We can consider this review’s strength as having considered research with no prior date limit until 2020. However, that presents us with an associated difficulty since the studies we include have a range of 36 years of difference, time in which the standards of scientific publication have changed, and new guidelines have been developed [55,56], which could explain the high risk of bias found in this review.
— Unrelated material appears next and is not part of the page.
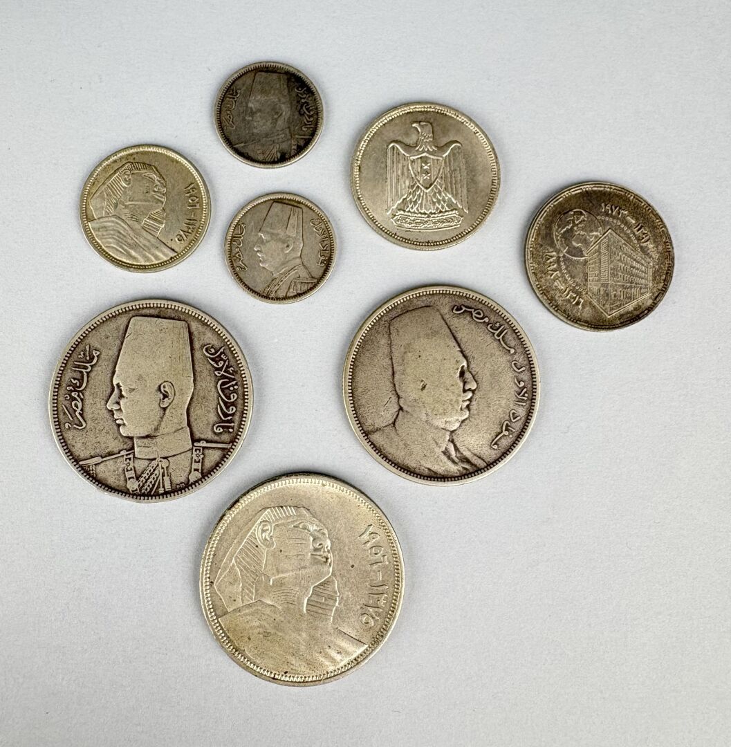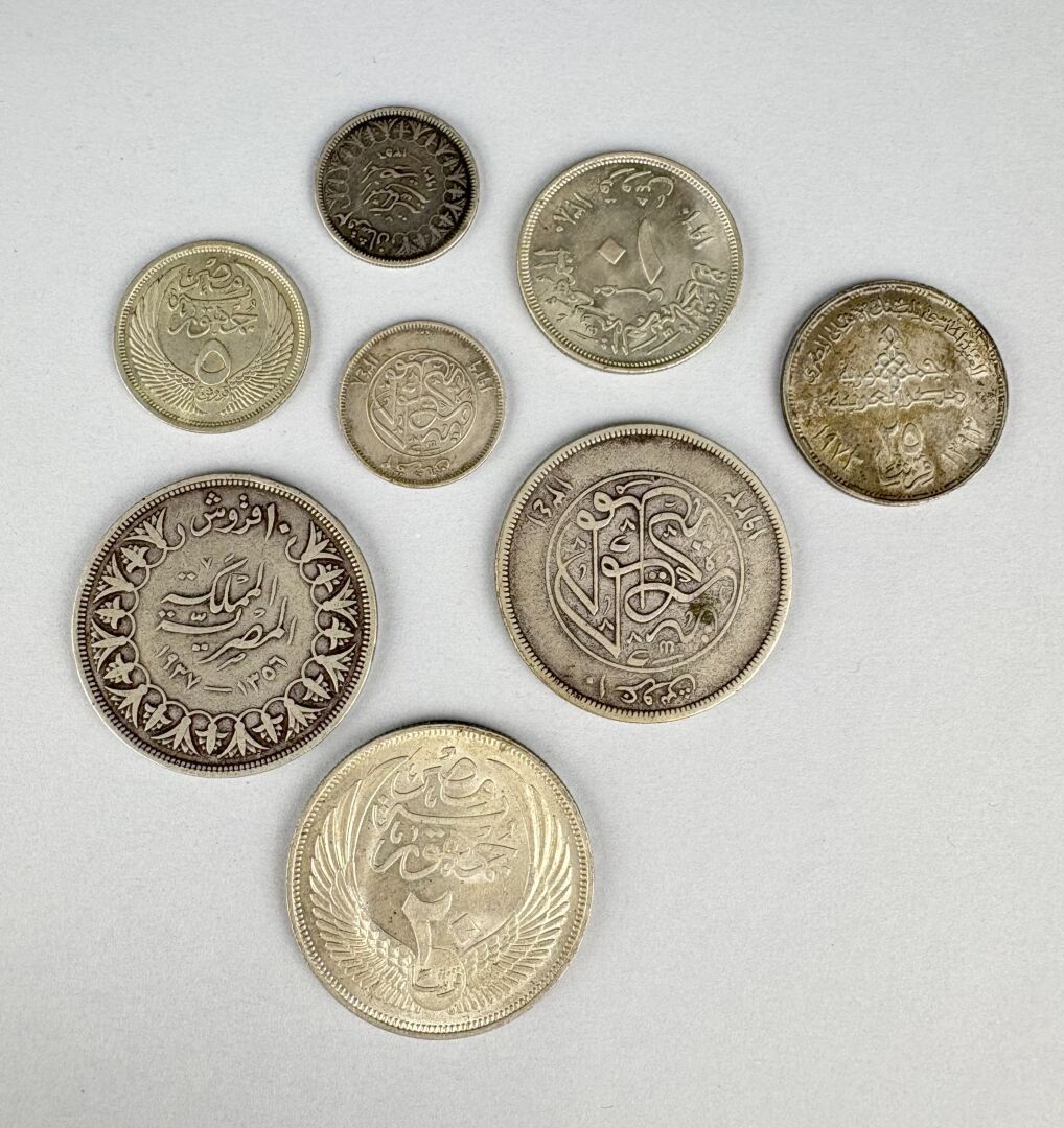 93 ESTIMATION: 50 / 90 € MOYEN ORIENT – Égypte, Syrie : Lot de 8 monnaies argent Poids : 68 g A examiner
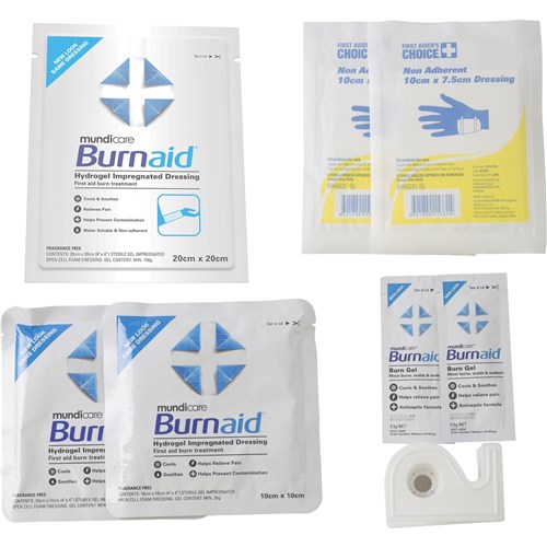 Early intervention to cool and treat burns can help reduce the severity of the injury. Workplace hazards that may result in burn injuries need to have burn management solutions readily available to reduce delays in first aid treatment. Hydrogel can be an effective alternate where no water is available. Packs provide suitable burn treatment products for emergency situations. Health Warning: Always read the label and follow the directions for use. General Information Intended Purpose: A collection of equipment for the initial treatment of minor to moderate injuries.

In this context, it is necessary to conduct rigorous longitudinal studies, based on current methodological guidelines, that allow us to detect people at risk for developing ALBP and that consider the multiple aspects involved in LBP, both physical and psychological. For this reason, we can suggest the formation of working groups to determine consensus on the best way to approach the evaluation of this type of patient. For the reasons mentioned earlier, we consider it necessary to carry out new studies of high methodological quality that allow us to clarify if there are levels of strength associated with ALBP and to be able to prevent its appearance. In addition, given the questions regarding the evaluation of unnatural movements or those that do not necessarily represent the physiology or velocity of the movement performed on the isokinetic dynamometer [57], it is necessary to develop new technologies [28,58] that allow the evaluation of trunk strength related to a functional or athletic context that mimics the functional demands of the athlete or patient.

5. Conclusions

The findings of this systematic review indicate that the quality of studies assessing isokinetic trunk strength in subjects with ALBP compared to healthy controls was weak. Moreover, the available data did not allow presentation of reference values in patients with ALBP. Future research of high methodological quality is needed to establish reference values of trunk isokinetic strength in subjects with ALBP and to determine the ability of trunk strength to discriminate ALBP patients from healthy individuals.